__Data extract__:

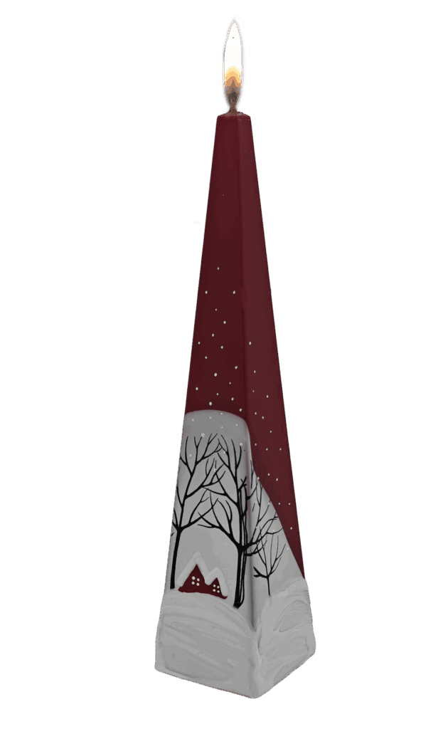 Deze in de EU handgemaakte zwart/groene piramidekaars (50×150 mm) is verfijnd gedecoreerd met een gouden kerstboom. Een elegante en moderne kaars die perfect past bij een stijlvolle kersttafel of als sfeervol cadeau.
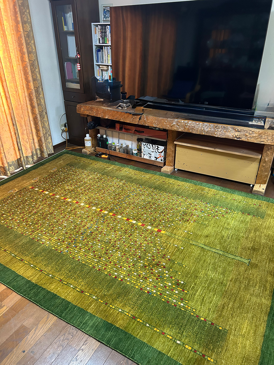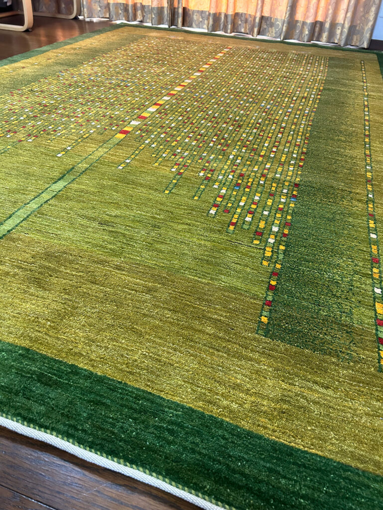 広々としたリビングに敷いた瞬間、空間全体が柔らかな緑に包まれ、自然の中にいるような安らぎとギャッベ特有の手織りの温かさが一気に広がりました。
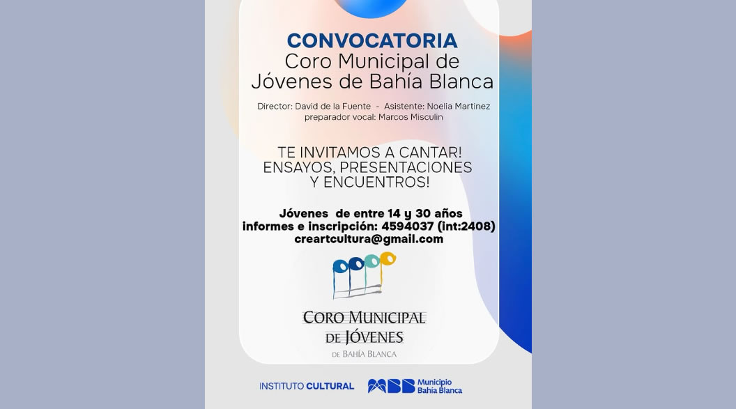 Inicio » Avisos Corales » Coro Busca Cantante » CONVOCATORIA ABIERTA | Coro Municipal de Jóvenes de Bahía Blanca
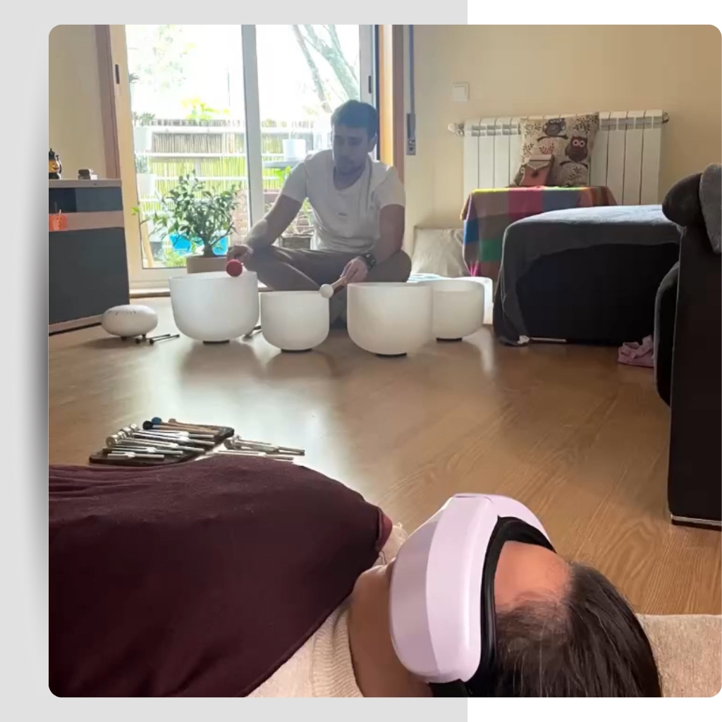 A Meditação Sonora utiliza sons e vibrações para induzir um estado profundo de relaxamento e paz. Durante a sessão, serás envolvido por frequências harmonizadoras criadas por instrumentos como taças de cristal, diapasões, pau de chuva e sinos Koshi. Esta prática proporciona uma experiência sensorial única, ajudando a acalmar a mente, revitalizar o corpo e promover um equilíbrio energético profundo, facilitando um estado de introspecção e bem-estar. Com este acompanhamento, irá aprender a observar as suas experiências com mais gentileza, desenvolvendo recursos para responder de forma mais equilibrada aos desafios diários.

__Instructions to follow__:
With the pictures excluded, the line containing "de Bahía Blanca" and every line after it through the end of the data above are to be transcribed exactly, and nothing more.

__Solution for this exercise__:
 Inicio » Avisos Corales » Coro Busca Cantante » CONVOCATORIA ABIERTA | Coro Municipal de Jóvenes de Bahía Blanca
 A Meditação Sonora utiliza sons e vibrações para induzir um estado profundo de relaxamento e paz. Durante a sessão, serás envolvido por frequências harmonizadoras criadas por instrumentos como taças de cristal, diapasões, pau de chuva e sinos Koshi. Esta prática proporciona uma experiência sensorial única, ajudando a acalmar a mente, revitalizar o corpo e promover um equilíbrio energético profundo, facilitando um estado de introspecção e bem-estar. Com este acompanhamento, irá aprender a observar as suas experiências com mais gentileza, desenvolvendo recursos para responder de forma mais equilibrada aos desafios diários.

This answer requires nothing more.